2. the method according to claim 1, wherein the method also includes:

The text image local contrast numerical value is calculated according to the following formula:

Con (i, j)=α C (i, j)+(1- α) (I_max(i,j)-I_min(i,j))

Wherein, the I_max(i, j) and the I_min(i, j) respectively indicate in the local neighborhood centered on (i, j) maximum and Minimum gradation value, the α ∈ (0,1), is adjustable parameter, and the ε is dimensionless, and it is 0 that being used for, which prevents denominator, described Con (i, j) indicates the local contrast numerical value at (i, j).

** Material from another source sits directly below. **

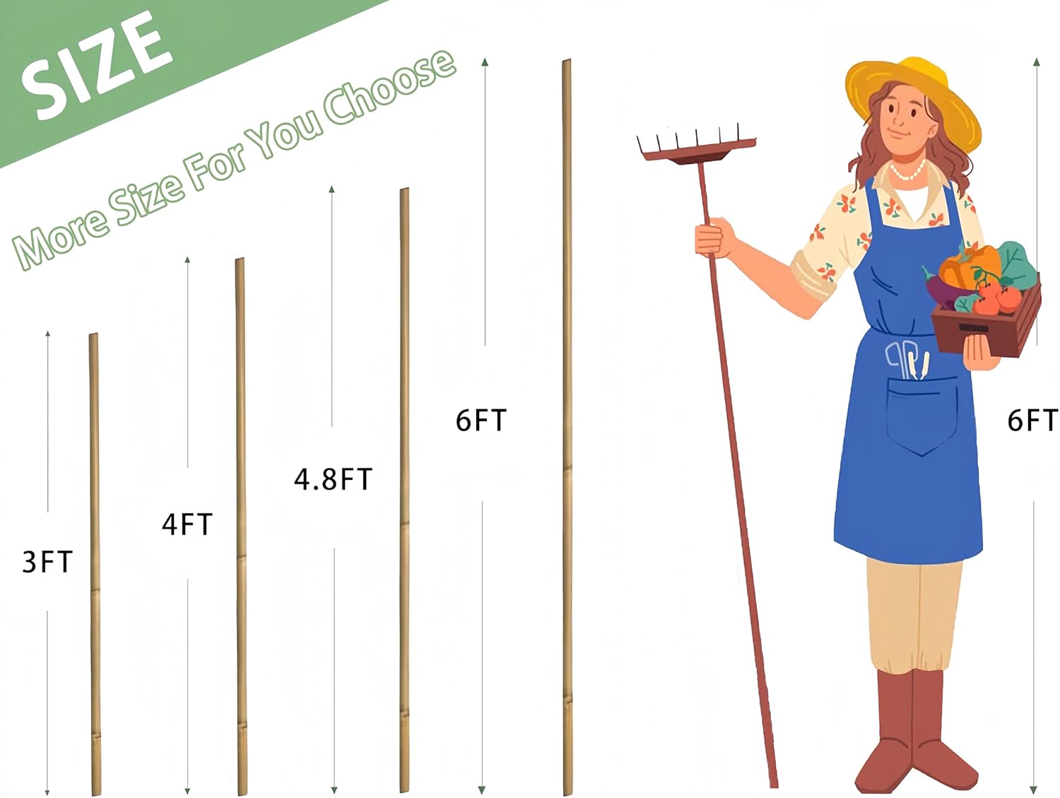 - [Multi-purpose] - This size bamboo pile is suitable for indoor plants such as flowers and potted plants, as well as outdoor plants such as tomatoes, beans, vegetables, young trees, large flowers and potted plants. As the plants grow, our bamboo posts are able to support the growth of the plants and make the plants grow straighter and more beautiful, or you can use some simple tools to make a bamboo frame, flower lattice or any other structure you want to add extra structural beauty to the garden

3. according to the method described in claim 2, it is characterized in that, the method also includes:

A selected threshold value；

The local contrast numerical value is divided into two parts according to the threshold value；

The probability distribution histogram of two part is counted respectively；

According to the probability distribution histogram of two part, the sum of the entropy of two part is calculated；

Based on the sum of the entropy of two part, and principle of maximum entropy is utilized, determines optimal threshold.

4. the method according to claim 1, wherein it is described to the bianry image carry out connected domain extraction, Merge and delete operation, acquisition character connected domain specifically include:

The analysis that connected domain is carried out to the bianry image, extracts the connected domain of the text image；

Delete the connected domain for not meeting predetermined size requirement；

By the two-connected domain of overlapping region large percentage, it is merged into a connected domain.

5. the method according to claim 1, wherein the initial row and end line according to the line of text is believed Breath and it includes character number, work of being deleted it and sorted obtains final text row information, specifically includes:

If the width of the line of text is less than in width threshold value or the line of text and is less than number threshold value comprising character number, Delete the row；

Line of text after delete operation is ranked up by capable starting line number size.